Other key players include pastry chef Marcus (Lionel Boyce), veteran line cook Tina (Liza Colon-Zayas), Carmy’s accounting cousin Natalie (Abby Elliott), and Uncle Jimmy (Oliver Platt), the money guy who offers bone-chilling real talk at various times.

The kitchen is a toxic mess. Picture the claustrophobic cage of Adam Sandler’s Hidden Gems set in a tight kitchen shot — multiple-angle cameras capturing the fury and shouting, all up in your face, spiking adrenaline levels and heart rates. Reality shows like Top Chef may manufacture fingernail-biting finales, but The Bear climbs deep into the soul of concentrated panic, how it eats away at people.

The second season picks up as the small, dysfunctional kitchen of The Original Beef of Chicagoland has been gutted, its walls and ceilings collapsed as it prepares for a big transformation. Likewise, the bruised characters are undergoing internal repair.

Show creators Christopher Storer and Joanna Calo know their turf. It’s a restaurant world, but it’s also our world. Behind the food, the show is really about the pursuit of perfection in a world that prefers chaos and entropy. Things fall apart, and Richie is always there (in Season 1, mainly) with a smirk, saying “Told you so, Cuz.”

Carm’s partner Sydney Adamu (Ayo Edebiri) holds the center.

It’s much harder to create order in a world that’s trying its best to fall to the ground, and Season 2 (premiering on Disney+ July 19) is about finding a Zen perch from which to operate: Marcus is sent to the stage in Copenhagen, on a houseboat, where he devises next-level desserts; Tina gets to train in a first-class kitchen with the best tools while the restaurant is under reconstruction; Natalie comes to grips with running the back office of a restaurant that is falling apart. And Carmy rediscovers high school crush Claire (Molly Gordon), an emergency medical technician who might just understand how toxic a job environment can be.

What makes The Bear stand out is the details, whether it’s the Chicago locales or dug-in accents, or the actual restaurants where Carm and Sydney do their research while devising their new menu. There’s a cameo set in the only Fil-Am restaurant to win a Michelin Star, Kasama, where Sydney tries the mushroom adobo and we briefly lay eyes on a Chicago-made longganisa breakfast. (Kasama opened during the pandemic, and the show makes use of that period to suggest how perilous it is to keep a restaurant afloat, even in the best of times.)

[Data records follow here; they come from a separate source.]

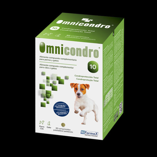 Hifarmax Omnicondro 10 es un suplemento condroprotector diseñado para mejorar la salud articular de perros y gatos de todas las edades y razas.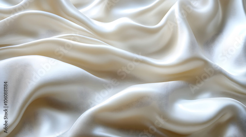 Luxurious Draped White Silk Fabric with Smooth Waves and Soft Highlights Creating a Fluid and Elegant Texture in a Minimalist Abstract Composition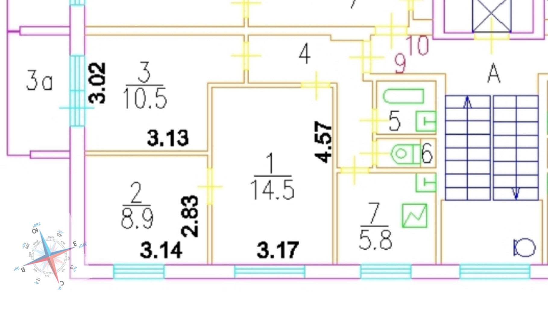 Каждая комната имеет площади 14.5, 10.5 и 8.9 соответственно.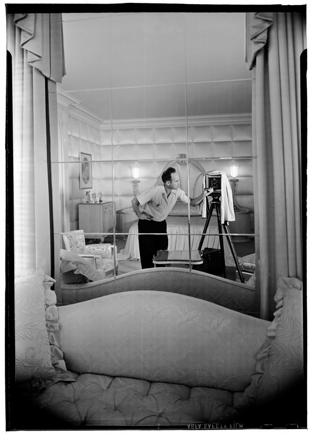 Maynard L. Parker at work in the bedroom of the Hilda Boldt Weber residence, Bel Air, Los Angeles, 1939. Architect: James E. Dolena; interior designer: T. H. Robsjohn-Gibbings. Film negative, 7 × 5 in. (17.8 × 12.7 cm).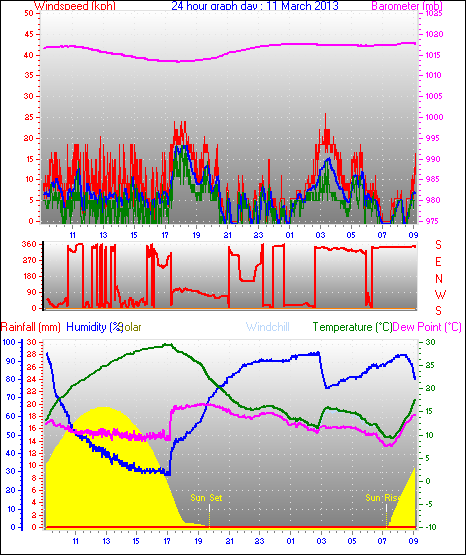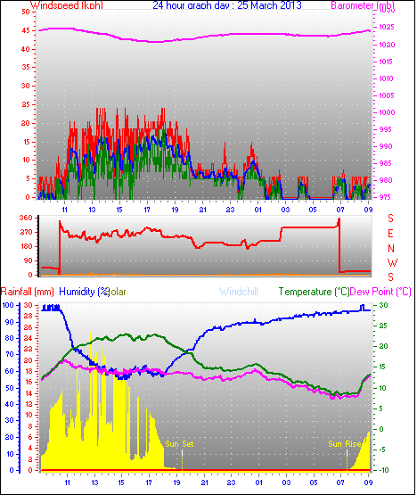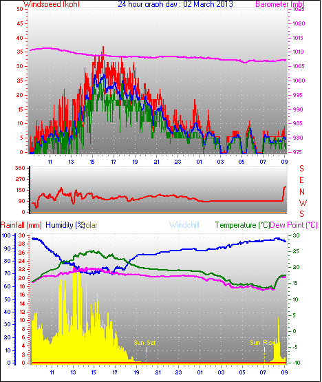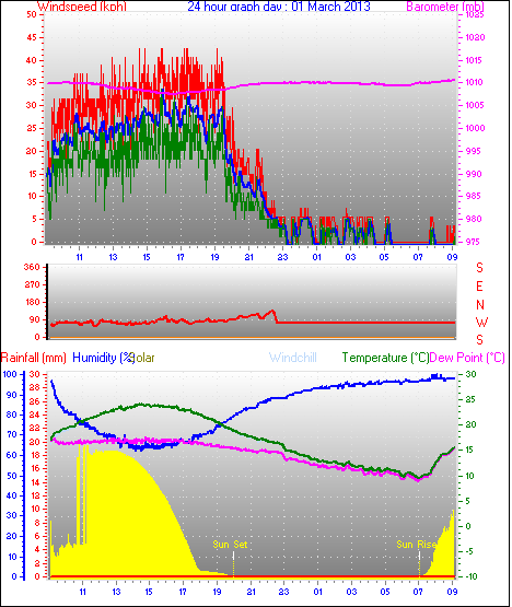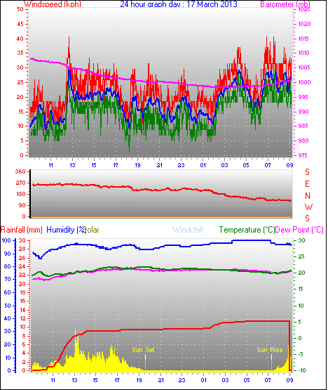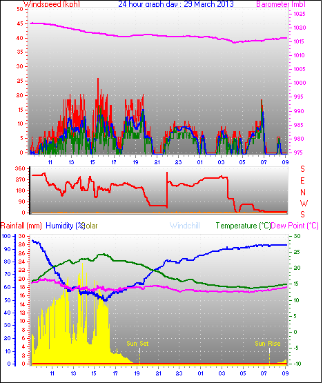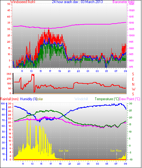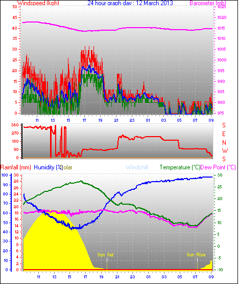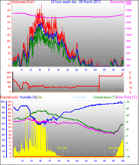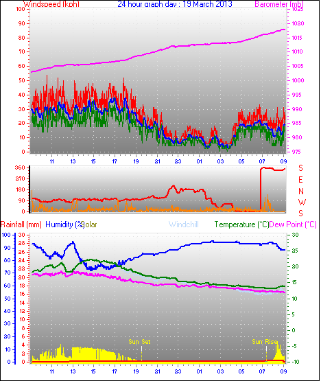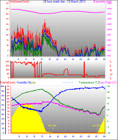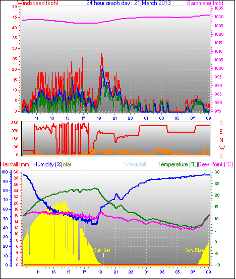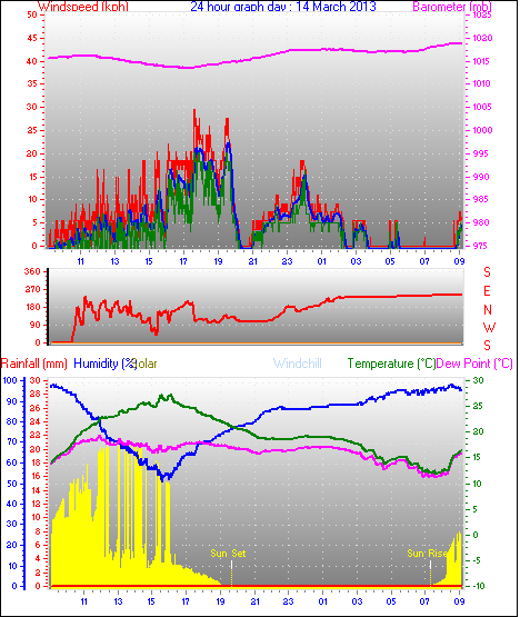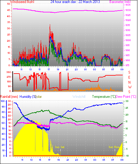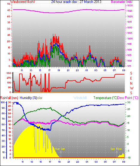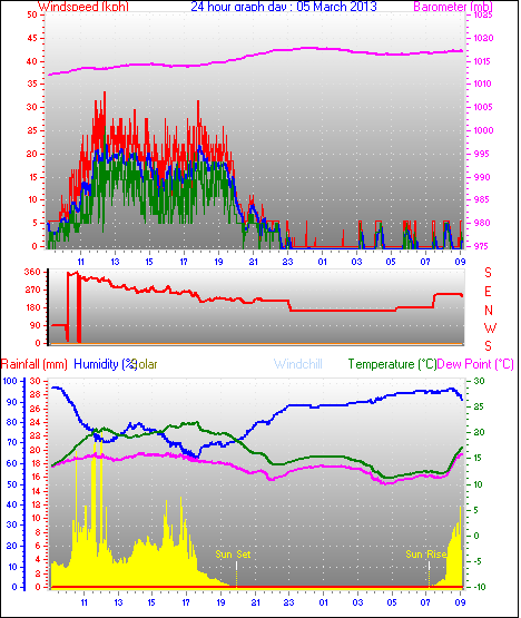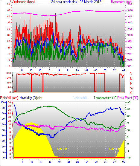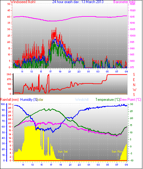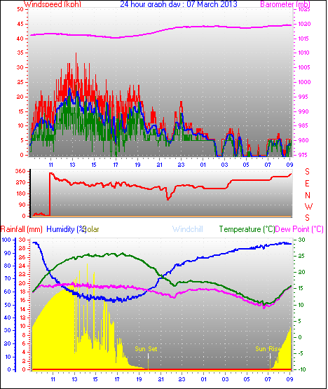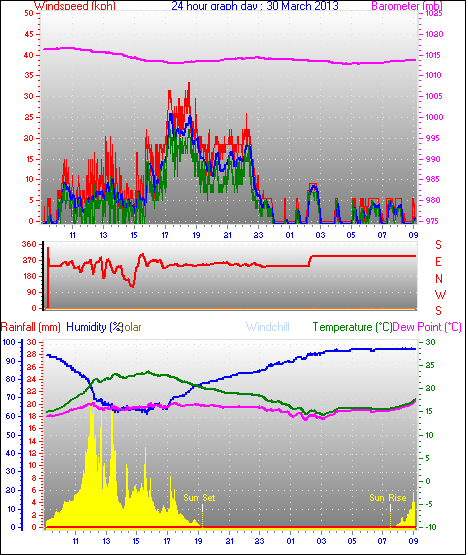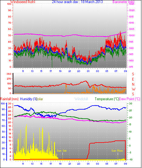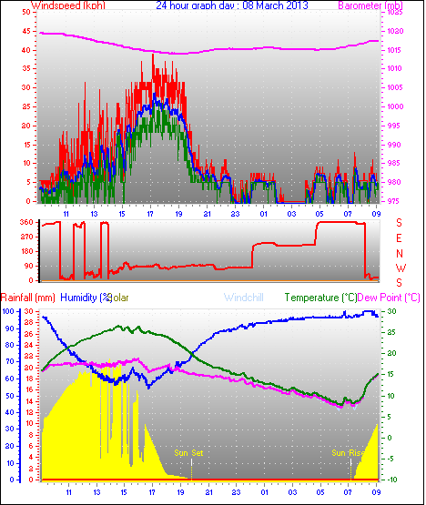 Maximum windspeed = 48.1 kmh from 293°(WNW) on day 18 at time 07:53

What comes through this season is how completely dedicated anyone in the food business must be—really on the verge of crazy determination —to make it all come together, night after night. It’s akin to live performance, mixed with action painting, mixed with preparation and luck, mixed with prayer. There’s a lot of that in The Bear.

Whatever moments of relative sanity and peace there are in Season 2 are counterbalanced by some of the most stressful exchanges you’ll find on any TV series. (Look for some excellent cameo work this season from Olivia Colman, Jamie Lee Curtis, Bob Odenkirk, Sarah Paulson, Will Poulter and recently detoxed comedian John Mulaney.)

Along with 2022’s The Menu and 2021’s Boiling Point, a one-take drama starring Stephen Graham as a scouse chef whose world (and kitchen) is falling apart, The Bear maybe represents a new entertainment genre—the nightmare kitchen—that is irresistible to both food lovers and consumers of pulse-racing drama.